Stored dataset items
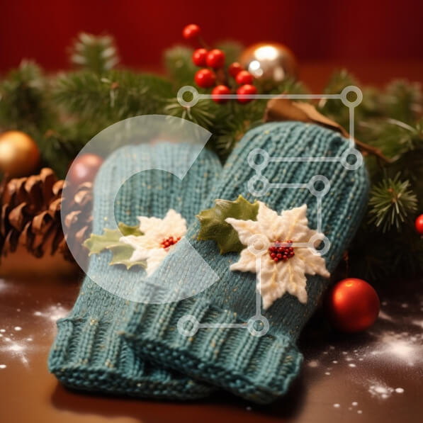 Intra Συλλεκτικό Ξύλινο Παζλ Plywood 4mm – Εορταστικά γαλαζοπράσινα γάντια με Poinsettia και Holly Σε Ξύλινο Κουτί – Διαστάσεις: 10×10 cm – 25 κομμάτια
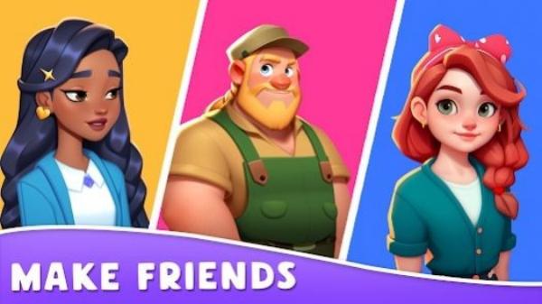 3、文字“MAKEFRIENDS”(交朋友)体现游戏社交元素,可在与这些角色互动交友,推进庄园经营等玩法。
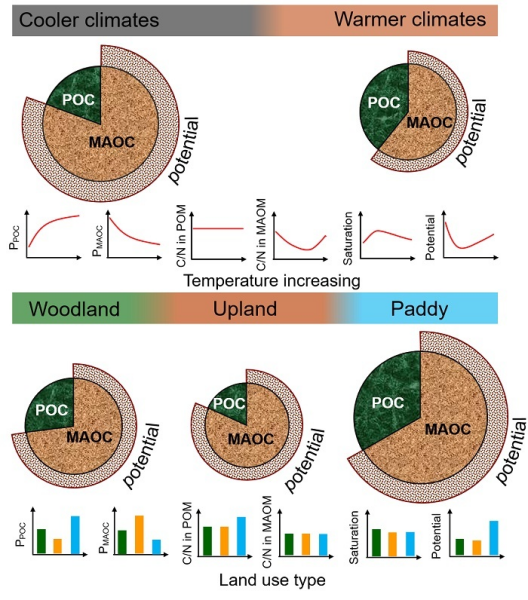 结果发现,土壤总有机碳含量以南方(亚热带和热带)低于北方(中温带和暖温带),且每个气候带总体表现为稻田>林地>旱地。所有土壤有机碳库组成均以MAOC(60%~77%)为主,但南方土壤MAOC对总有机碳的贡献(58%)低于北方(69%)。农业土地利用重塑了土壤有机碳库组成及其稳定性。
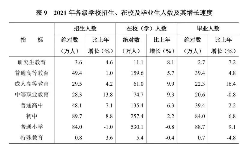 年末有普通高校114所。研究生教育毕业生2.7万人,普通高等教育毕业生39.4万人,中等职业教育毕业生20.6万人,普通高中毕业生39.4万人,初中毕业生84.0万人,普通小学毕业生88.7万人。在园幼儿229.4万人,比上年下降0.9%。小学适龄儿童入学率
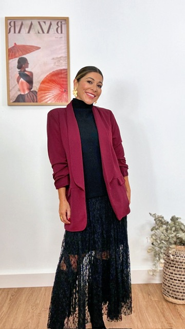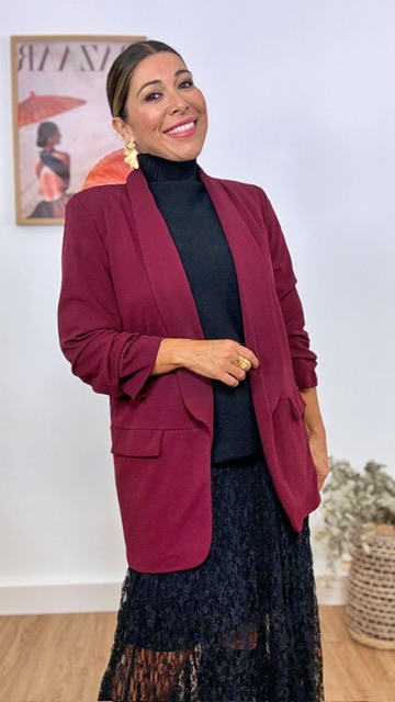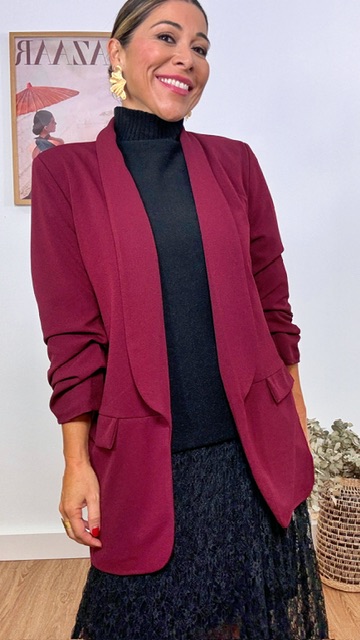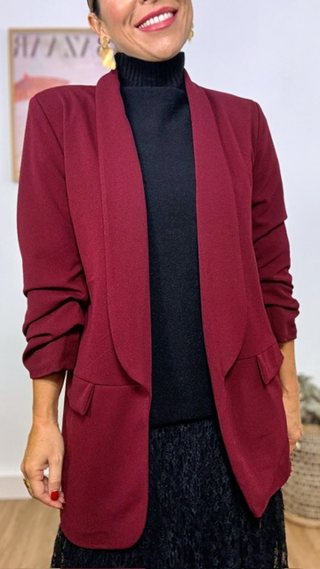 Chaqueta Blazer Mangas Arrugaditas Burdeos
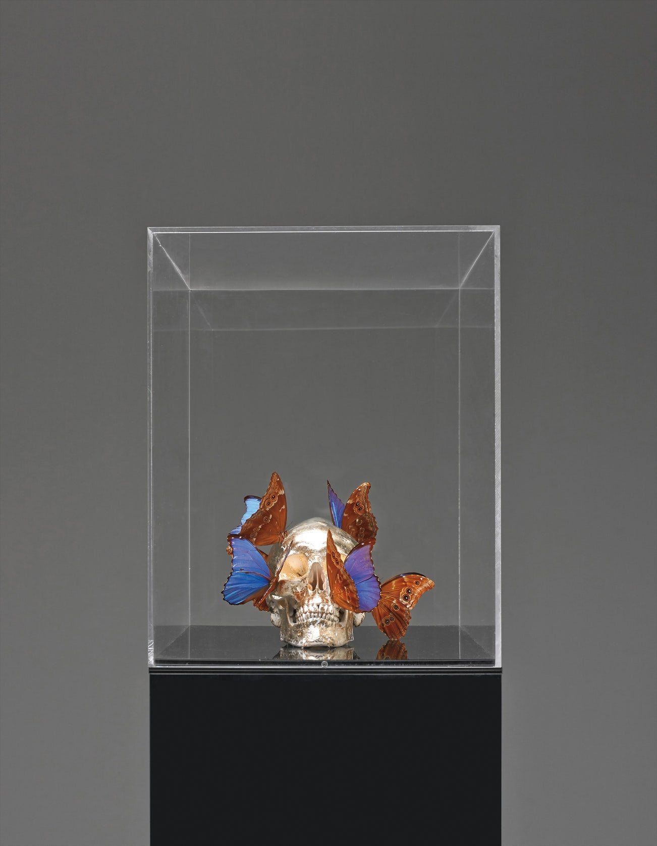 butterflies and acrylic on resin, in artist's Plexiglas box and plinth
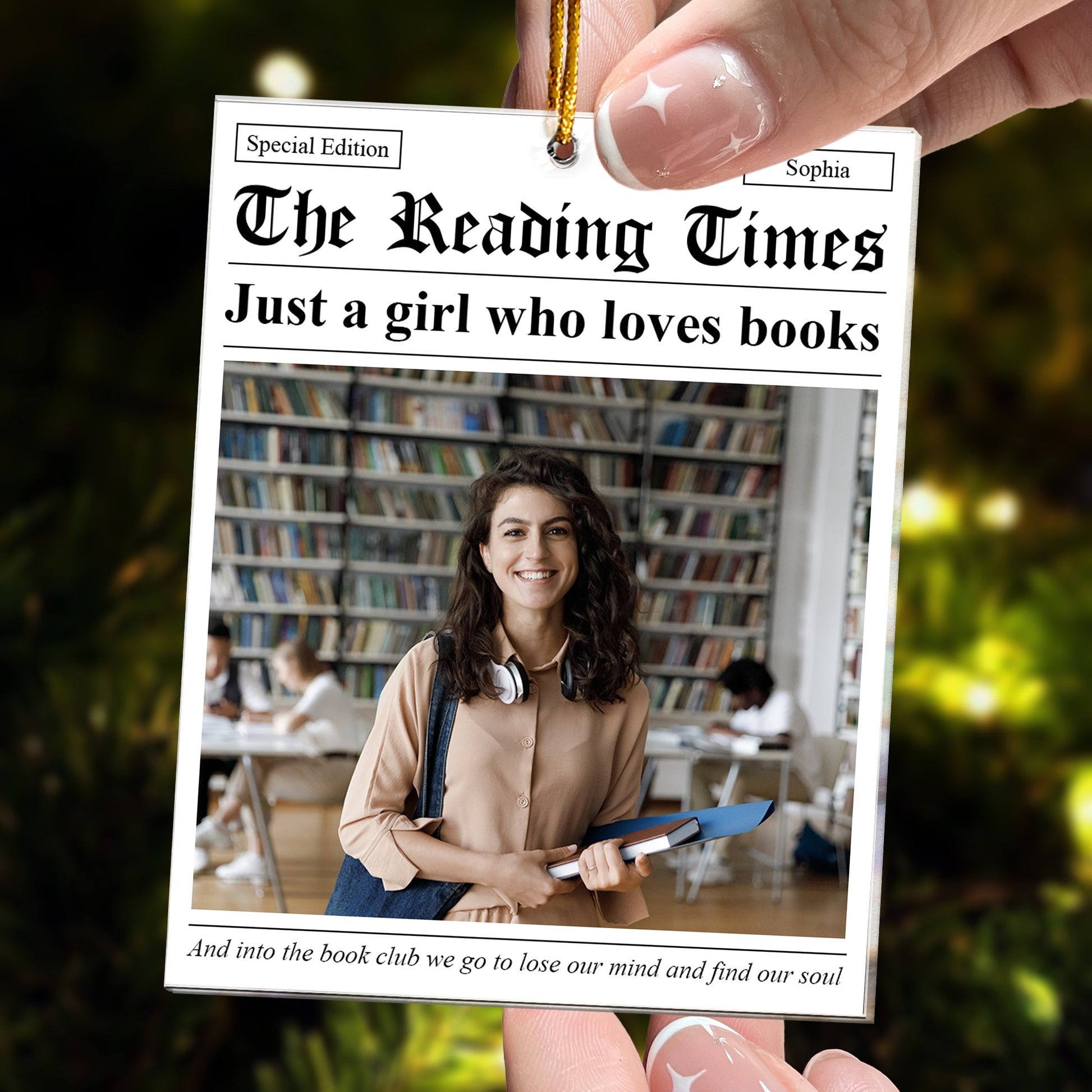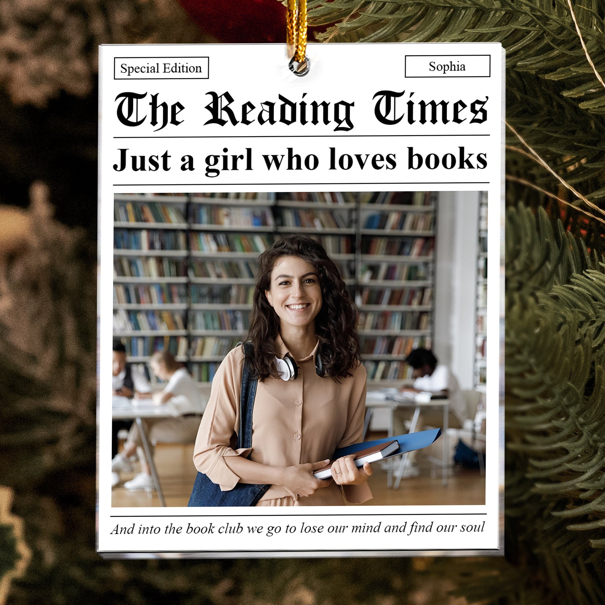 Delight the book lover in your life with our Personalized Custom Photo Ornament, styled after the iconic New York Times theme. Perfect for friends, daughters, or anyone who adores reading, this ornament features a cherished photo and a customizable "headline" celebrating their love for books, storytelling, and literary adventures.

### Exercise goal
Your copy should consist only of the lines from the one containing "butterflies and acrylic" through the last line of the entries above, reproduced exactly, without pictures.

### Task answer
 butterflies and acrylic on resin, in artist's Plexiglas box and plinth
 Delight the book lover in your life with our Personalized Custom Photo Ornament, styled after the iconic New York Times theme. Perfect for friends, daughters, or anyone who adores reading, this ornament features a cherished photo and a customizable "headline" celebrating their love for books, storytelling, and literary adventures.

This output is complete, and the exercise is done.